* **What the task requires**
Pictures are to be left out; otherwise, copy exactly the lines from the line containing "ความปลอดภัยทางด้านจิตใจ (Psychological safety) คือ" through the end of the data.

* **Data block**
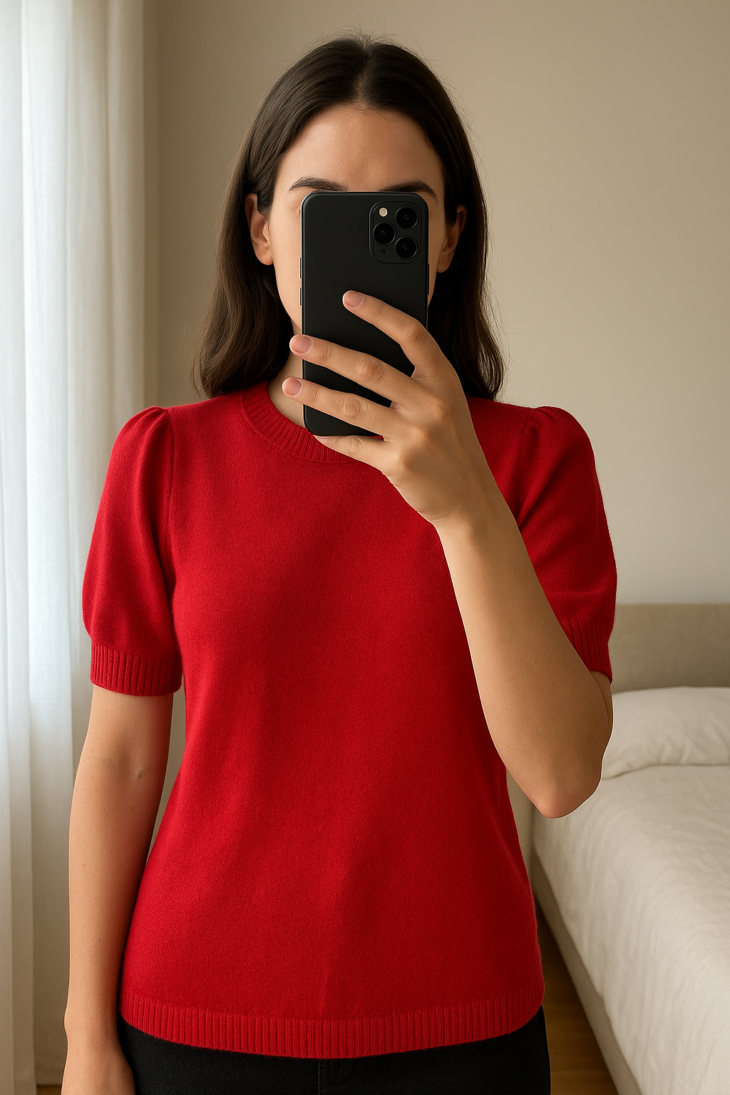 Pull laine manches courtes Naf Naf – Taille S – parfait pour les fêtes debout, face à la caméra, dans une chambre à la lumière douce, avec une lumière naturelle filtrant par la fenêtre.
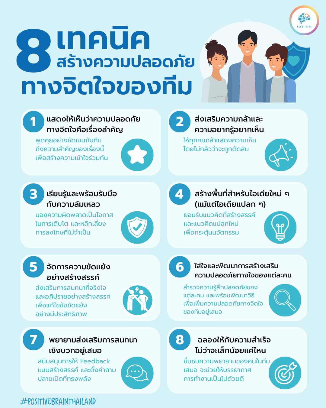 ความปลอดภัยทางด้านจิตใจ (Psychological safety) คือ การมีอิสระในการแสดงความคิดที่จะช่วยให้คนในทีมไม่มีความกังวลหรือหวั่นวิตก ในแง่การทำงานของสมองนั่นเมื่อเรารู้สึกผ่อนคลาย ไม่เครียด สมองจะหลั่งฮอร์โมนแห่งความสุขที่จะส่งผลให้ก่อให้เกิดไอเดียสร้างสรรค์แปลกใหม่ต่าง ๆ และเมื่อสามารถคิดไปไกลนอกกรอบได้อย่างอิสระยังสามารถต่อยอดให้เกิดการทำงานมีที่ประสิทธิภาพและผลักดันนวัตกรรมอีกด้วย วันนี้ทีม Plusitives จึงขอพาทุกท่านทำความรู้จักกับ ความปลอดภัยทางด้านจิตใจ (Psychological safety) และเทคนิคสุดเจ๋งที่จะสร้างพื้นที่การทำงานที่ปลอดภัยให้เกิดขึ้นในองค์กรพร้อม ๆ กันค่ะ จะเป็นอย่างไร ติดตามได้ในบทความนี้พร้อม ๆ กันค่ะ
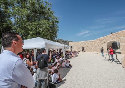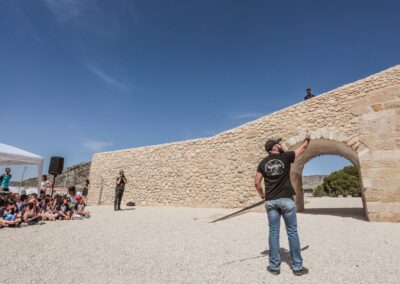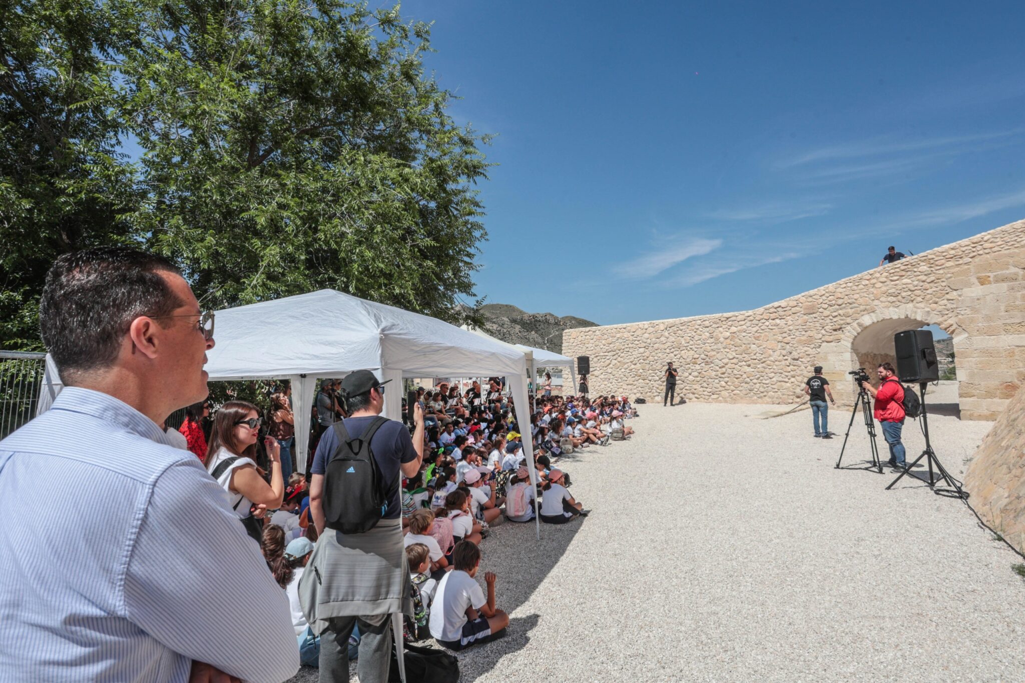 Más de 450 escolares de varios centros educativos de Elda han podido disfrutar esta mañana de una recreación de la lucha entre los embajadores moro y cristiano, uno de los momentos álgidos de las fiestas de Moros y Cristianos de Elda. La representación se ha realizado en el recinto del Palacio Condal de la ciudad, donde los niños y niñas han disfrutado también de la música de la AMCE Santa Cecilia.

* **Finished exercise**
 ความปลอดภัยทางด้านจิตใจ (Psychological safety) คือ การมีอิสระในการแสดงความคิดที่จะช่วยให้คนในทีมไม่มีความกังวลหรือหวั่นวิตก ในแง่การทำงานของสมองนั่นเมื่อเรารู้สึกผ่อนคลาย ไม่เครียด สมองจะหลั่งฮอร์โมนแห่งความสุขที่จะส่งผลให้ก่อให้เกิดไอเดียสร้างสรรค์แปลกใหม่ต่าง ๆ และเมื่อสามารถคิดไปไกลนอกกรอบได้อย่างอิสระยังสามารถต่อยอดให้เกิดการทำงานมีที่ประสิทธิภาพและผลักดันนวัตกรรมอีกด้วย วันนี้ทีม Plusitives จึงขอพาทุกท่านทำความรู้จักกับ ความปลอดภัยทางด้านจิตใจ (Psychological safety) และเทคนิคสุดเจ๋งที่จะสร้างพื้นที่การทำงานที่ปลอดภัยให้เกิดขึ้นในองค์กรพร้อม ๆ กันค่ะ จะเป็นอย่างไร ติดตามได้ในบทความนี้พร้อม ๆ กันค่ะ
 Más de 450 escolares de varios centros educativos de Elda han podido disfrutar esta mañana de una recreación de la lucha entre los embajadores moro y cristiano, uno de los momentos álgidos de las fiestas de Moros y Cristianos de Elda. La representación se ha realizado en el recinto del Palacio Condal de la ciudad, donde los niños y niñas han disfrutado también de la música de la AMCE Santa Cecilia.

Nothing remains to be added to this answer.